Sur les aires de repos des autoroutes on croise des serveurs, des cuistos, des caissiers et des cantonniers. On y aperçoit également des gendarmes, des gérants, des routiers et des prostituées. Tout un univers clos, un peu mystérieux que l’on côtoie sans trop y faire attention lorsque l’on emprunte cette longue bande d’asphalte qui nous aspire avant de nous recracher le plus rapidement possible vers notre destination. Un univers fonctionnel où le mouvement et la vitesse sont de mise. Sur ces aires d’autoroutes, il y a parfois un père en bout de course qui traîne sa triste carcasse au cœur de ce microcosme. Il a tout abandonné et campe dans sa voiture en s’obstinant à rechercher celui qui a enlevé sa petite fille. Six mois déjà qu’il erre, patiente et observe tout ce petit monde afin de retrouver ce prédateur. Un homme en déshérence qui se prend à espérer à nouveau lorsqu’il apprend qu’une autre fillette vient de disparaître. Finalement il n’y a peut-être rien de plus vrai lorsque l’on dit que le malheur des uns fait le bonheur des autres.

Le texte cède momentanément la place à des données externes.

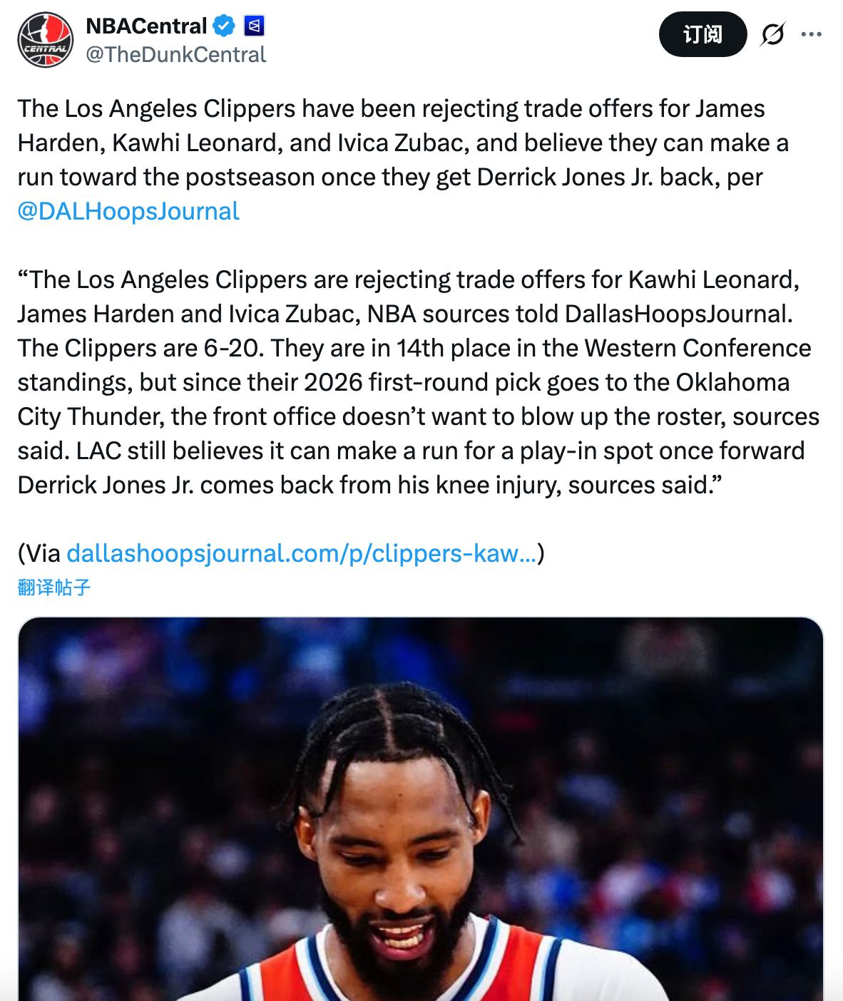 洛杉矶快船队一直在拒绝詹姆斯·哈登、科怀·伦纳德和伊维察·祖巴茨的交易报价,并相信一旦德里克·琼斯 Jr. 回归,他们就能向季后赛发起冲击

D’emblée, il faut dire que Derrière les Panneaux il y a des Hommes est un thriller pas tout à fait comme les autres. Bien sûr qu’il y a du rythme, des phrases courtes affutées comme des lames de rasoir, du suspense. C’est une histoire d’enlèvement, de traque et de tueur qui peut sembler de prime abord extrêmement convenue. On aurait tord de rester sur ces apparences car Joseph Incardona possède suffisamment de talent pour emmener le lecteur vers d’autres horizons que ceux auxquels il peut s’attendre. Le style elliptique et extrêmement visuel n’est pas au service du suspense, loin s’en faut car c’est par le prisme de ces longues énoncées de détails, d’anecdotes et de faits de société que l’on perçoit les perspectives de chacun des personnages. Tout au long du récit, l’auteur dresse le portrait sans fard de protagonistes vulnérables qui évoluent dans un univers complètement déshumanisé qui les renvoie ainsi à leur propre humanité. Seul un tueur froid et amoral peut s’y complaire. C’est peut-être pour cette raison d’ailleurs que l’auteur ne s’attarde pas trop sur les aspects sordides de l’intrigue. Il nous épargne ainsi tout un pan aussi convenu que fastidieux propre aux thrillers mettant en scène des tueurs en série pour se concentrer principalement sur les personnages secondaires qui hantent cet univers si particulier des autoroutes. Il n’y a pas de père ou de mère courage dans ce roman. Il n’y a pas de super flic ou de tueur machiavélique, mais des hommes et des femmes ordinaires, parfois un peu trop caricaturaux, qui se débattent dans un univers de bitume surchauffé dont ils ne peuvent pas s’extraire. Une vision de l’enfer ordinaire finalement.

C’est paradoxalement en installant une chronique ordinaire autour d’un événement extraordinaire que Joseph Incardona nous livre un récit oppressant où la sensation de malaise est permanente. Thriller atypique doublé d’une satyre sociale sans concession, Derrière les Panneaux il y a des Hommes saura séduire les lecteurs exigeants.

Sega

 

Joseph Incardona : Derrière les Panneaux il y a des Hommes. Editions Finitude 2015. 

A lire en écoutant : Without You I Am Nothing interprété par David Bowie & Placebo. Single. Elevator Music 1999.